Bali Seafood International introduces worker empowerment initiative
North Atlantic, Inc. and its subsidiary, Bali Seafood International (BSI), have introduced a worker empowerment initiative designed to improve the social responsibility of its seafood sourcing.
North Atlantic was founded with sustainability as a core principle of its business approach, owner Jerry Knecht said in a recent SeafoodSource interview. The Workplace Agreements for Ethical Seafood (WAES) initiative, announced during a workshop on 18 March at Seafood Expo North America in Boston, Massachusetts, U.S.A., furthers the company’s existing efforts “towards commercially-driven practices that advance sustainability and social responsibility,” he said.
The WAES initiative includes the use of workplace agreements both with its fishermen and processing workers at its new plant in Santong, Sumbawa, Indonesia. These agreements have been negotiated and facilitated by the Indonesian Seafarers Union (Kesatuan Pelaut Indonesia), the company said. The company’s approach incorporates components of the Certification and Ratings Collaboration’s Framework for Social Responsibility in the Seafood Sector, which include the three elements of social contracts deemed essential by the Monterey Framework (protecting human rights, dignity and access to resources/ensuring equality and equitable opportunity to benefit, and improving food and livelihood security).
“By supporting worker-driven agreements and initiatives, WAES promotes real, on-the-ground labor improvements and represents an expansion of what corporate social responsibility might look like,” Bali Seafood International said in a press release.
The move represents “innovation beyond the current social audit approach as the primary means of understanding working conditions in seafood supply chains,” the company said.
“Born from NAI/BSI’s recognition of the limitations of social audit schemes – which are periodic, may not fit well with the nuances of fisheries supply chains, and can be expensive for small- and medium-sized suppliers – WAES will instead use a more worker-driven approach to improve the responsibility of global seafood sourcing,” it said. “Worker-driven concepts, such as workplace agreements, are ongoing, address workers directly, and, coupled with a union framework, allow employees to voice concerns as they arise and better uncover worker grievances.”
New initiatives adopted by Bali Seafood International include “Pay for Grade” system, which is designed to reward fishers who bring in the best-quality fish and who refrain from catching immature and brood stock, and Fishery Community Resource Centers, which ties together a mini-processing plant, ice production facilities, fisheries management center, education center, gear store, and a micro-financing office.
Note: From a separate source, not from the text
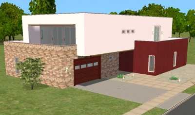 I saw plans for a house like this online and as soon as I got time, I started building it. I was surprised how quickly it was nearly finished, only really a couple of hours tinkering and I thought it was perfect. I'd even landscaped. I played a little Real Life for a while, came back and looked at the plans again, and the artists impressions.. and tinkered some more. Then I rememberd the daylight/nighttime switch and added a few lights.
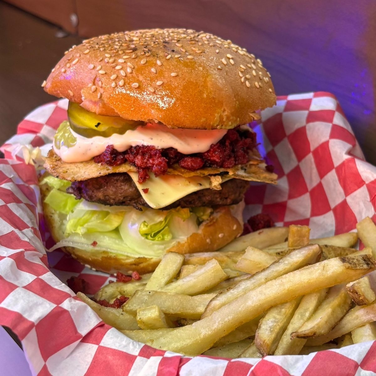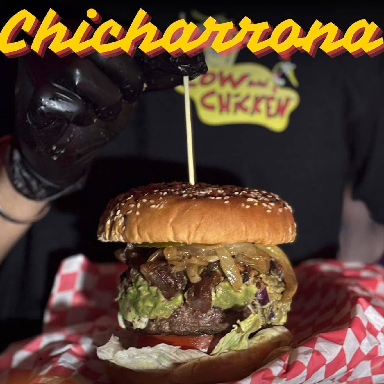 Pan parrillero relleno con 170g de jugosa carnita de res, crujiente chicharroncito de la Ramos, guacamole cremoso, vegetales frescos y nuestro aderezo especial de la casa.

The education centers offer coaching on maximizing fishing effort, catch monitor efforts and operational decision-making.
“As we continue our efforts towards commercially-driven managed fisheries and sustainability, we are encouraged by the opportunity to clearly identify what we are doing to also advance worker and supplier welfare as part of that effort,” Knecht said in the release.
BSI’s Sumbawa facility will serve as the company’s first pilot of WAES, with plans for additional expansion of the program in 2020, he said.